E-ISBN: 978-85-8122-584-5

Outros escritos traz ao público diversos escritos inéditos de Clarice Lispector. Mas, desta vez, eles não se encontram assinados pela escritora consagrada, mas pela escritora iniciante, pela jornalista, pela estudante de direito, pela colunista feminina, pela dramaturga, pela mãe, pela conferencista e ensaísta Clarice Lispector.

Clarice Lispector sempre reconheceu o fragmento, a anotação dispersa, o ‘fundo de gaveta’ como parte essencial e indissociável de sua produção literária. Era a partir de seus apontamentos, num primeiro momento desconexos, que ela costumava extrair posteriormente uma unidade, transformando-os numa obra pronta e acabada. Organizado por Lícia Manzo e Teresa Montero, Outros escritos obedece esse mesmo critério ao agrupar cada uma dessas ‘clarices’ dispersas e fragmentadas, e observar uma unidade conectando-as umas às outras. Cada escrito de Clarice parece marcado pelo mesmo olhar sensível, singular e feroz da mulher e criadora que, tantas vezes sozinha, caminhou à frente de seu tempo.

Em Clarice escritora, o leitor encontra quatro contos produzidos pela autora entre 1940 e 1941: Eu e JimmyTrechoCartas a Hemengardo e O triunfo, sendo este o primeiro texto de Clarice a ter sido publicado, num pequeno periódico da época. A habilidade da autora como profissional de imprensa é visível em Clarice jornalista. Neste capítulo, são apresentadas duas reportagens assinadas por ela em 1941, ambas sobre crianças carentes.
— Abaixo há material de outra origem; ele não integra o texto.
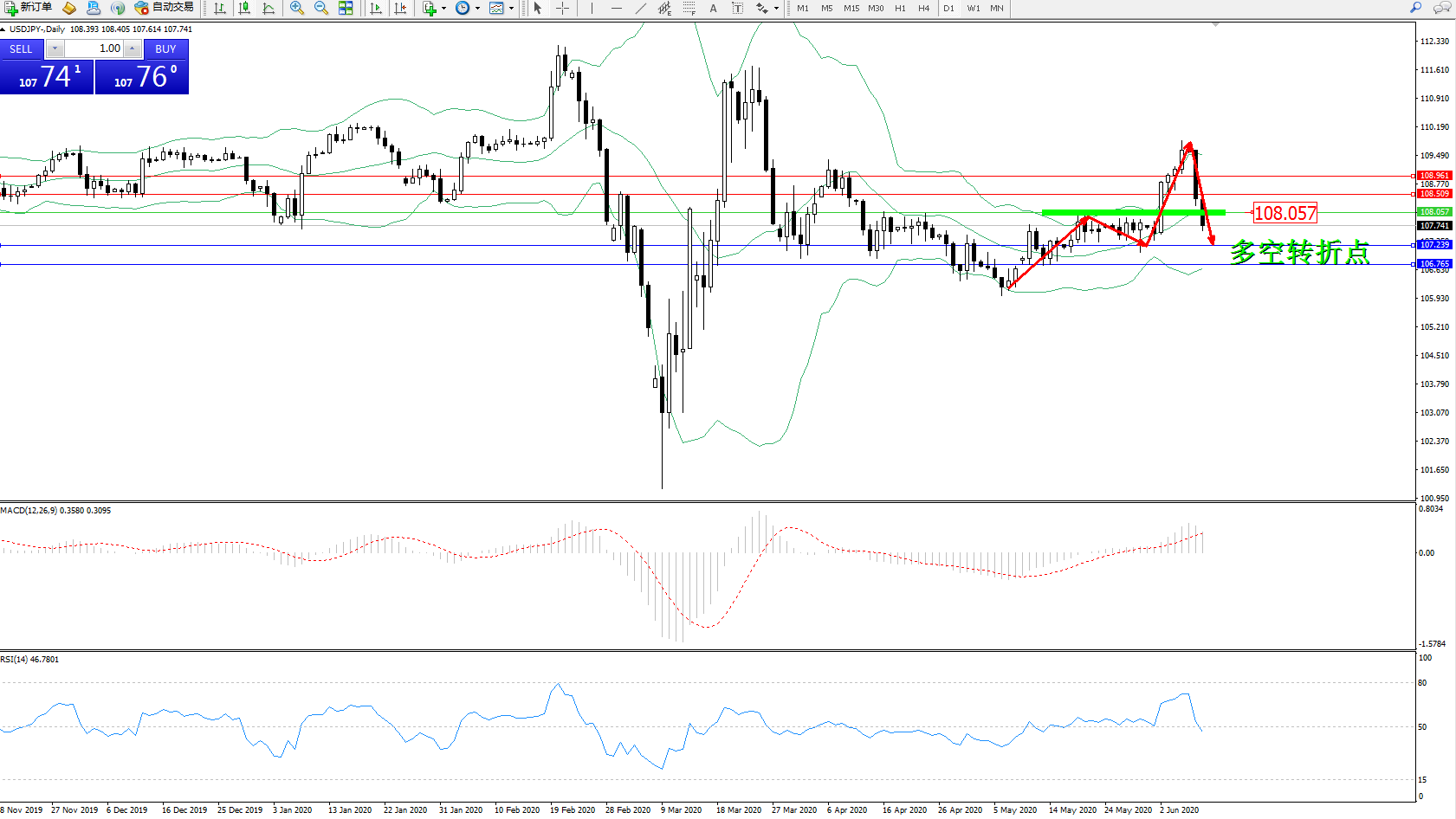 技术点评:多头动力延续布林带指标上轨持续震荡上扬后遇阻回撤,急速下挫至中轨下方,有进一步下行态势,布林带指标呈张口走势后,开始缓慢收口,关注中轨附近节点,该位正是前期整理阶段上方位置,MACD指标处于0轴线上方多头区域开始缓慢下移中,RSI指标处于多头区域高位急速下挫跌破50均衡线进入空头区域迹象;

E, em Clarice estudante, são trazidos à luz dois artigos publicados numa revista editada por universitários, em 1941, quando Clarice ainda era estudante de direito: Observações sobre o direito de punir e Deve a mulher trabalhar?.
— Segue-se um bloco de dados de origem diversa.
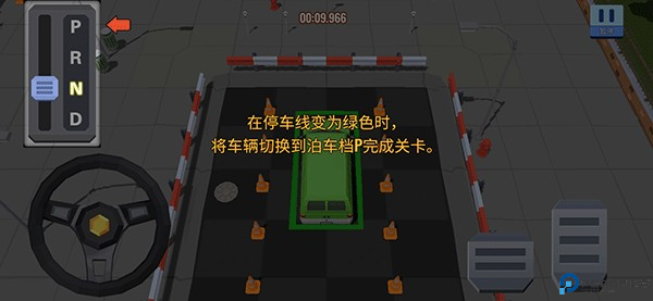 4、在停车线变为绿色时,将车辆切换到泊车档p完成关卡

Em Clarice dramaturga, o leitor encontra a íntegra de A pecadora queimada e os Anjos harmoniosos, único texto teatral escrito pela autora, em 1948. E, em Clarice mãeé possível conhecer o caderno de anotações que a autora manteve com os filhos. Intitulado Conversas com P., o caderno registrava os mais interessantes diálogos travados com seus dois filhos pequenos, Pedro e Paulo, na década de 1950. Pela primeira vez, o público tem acesso ao conteúdo integral dessas anotações.

Em Clarice colunista feminina, a autora se baseia num ensaio de Virginia Woolf para falar dos obstáculos que as mulheres enfrentavam na época – 1952 – para se desenvolverem intelectualmente. Com o título A irmã de Shakespeare, o texto foi publicado originalmente na coluna feminina que Clarice assinava com o pseudônimo Teresa Quadros, no tablóide O comício, precursor da imprensa alternativa no Brasil.
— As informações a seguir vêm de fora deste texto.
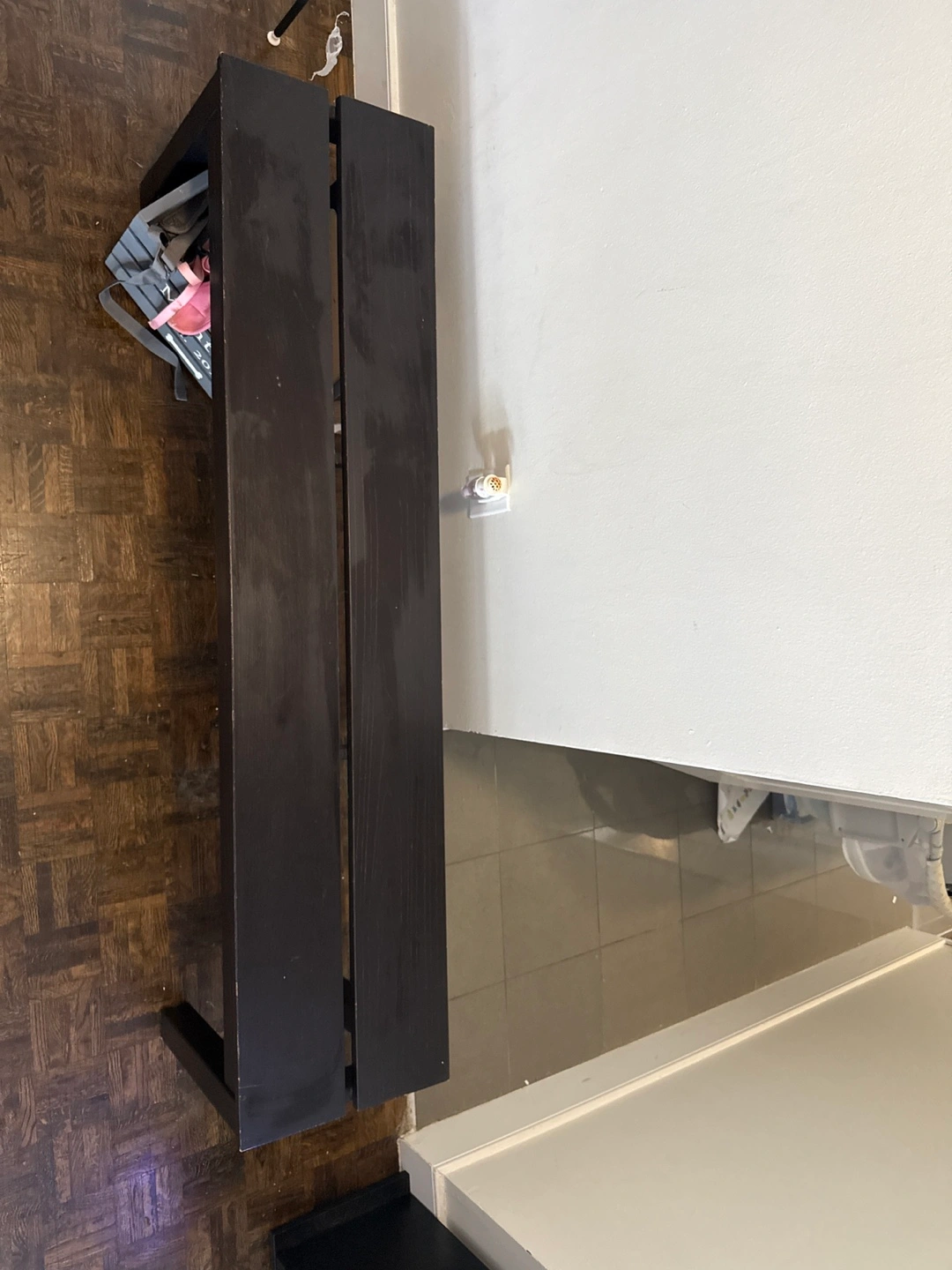 Selling a sturdy black wooden bench. It's in good condition and would be great for an entryway or as extra seating. There are some minor signs of wear on the legs, as shown in the pictures.

No capítulo Clarice ensaísta, é possível ler a íntegra de Literatura de vanguarda no Brasil, trabalho que Clarice apresentou pela primeira vez em 1963, no XI Congresso Bienal do Instituto Internacional de Literatura Ibero-Americana, na Universidade do Texas. A palestra fez muito sucesso no meio acadêmico americano, a ponto de a autora adotar seu texto original como uma espécie de pronunciamento oficial, exposto por ela em vários outros eventos similares. Era uma carta que Clarice fazia questão de ter sempre na manga, tanto que jamais permitiu sua publicação, para manter a aura de ineditismo do trabalho quando fosse lê-lo nas conferências para as quais era convidada. No texto, ela ilustra suas idéias com poemas de Mário de Andrade, João Cabral de Melo Neto, Manuel Bandeira e Carlos Drummond de Andrade.

Responsável pela versão em português de livros de Oscar Wilde, Edgar Allan Poe, Júlio Verne, Federico Garcia Lorca, Lilian Hellman, Henrik Ibsen, Agatha Christie e Anne Rice, a Clarice tradutora vem à tona no texto, escrito em 1968, Traduzir procurando não trair, onde analisa a difícil tarefa de dar forma a uma obra estrangeira. E, em Clarice conferencista, o leitor tem a rara oportunidade de ler o conto O ovo e a galinha e o texto Literatura e magia, escrito especialmente para a impensável participação de Clarice no Primeiro Congresso Mundial de Bruxaria, em Bogotá, em 1975.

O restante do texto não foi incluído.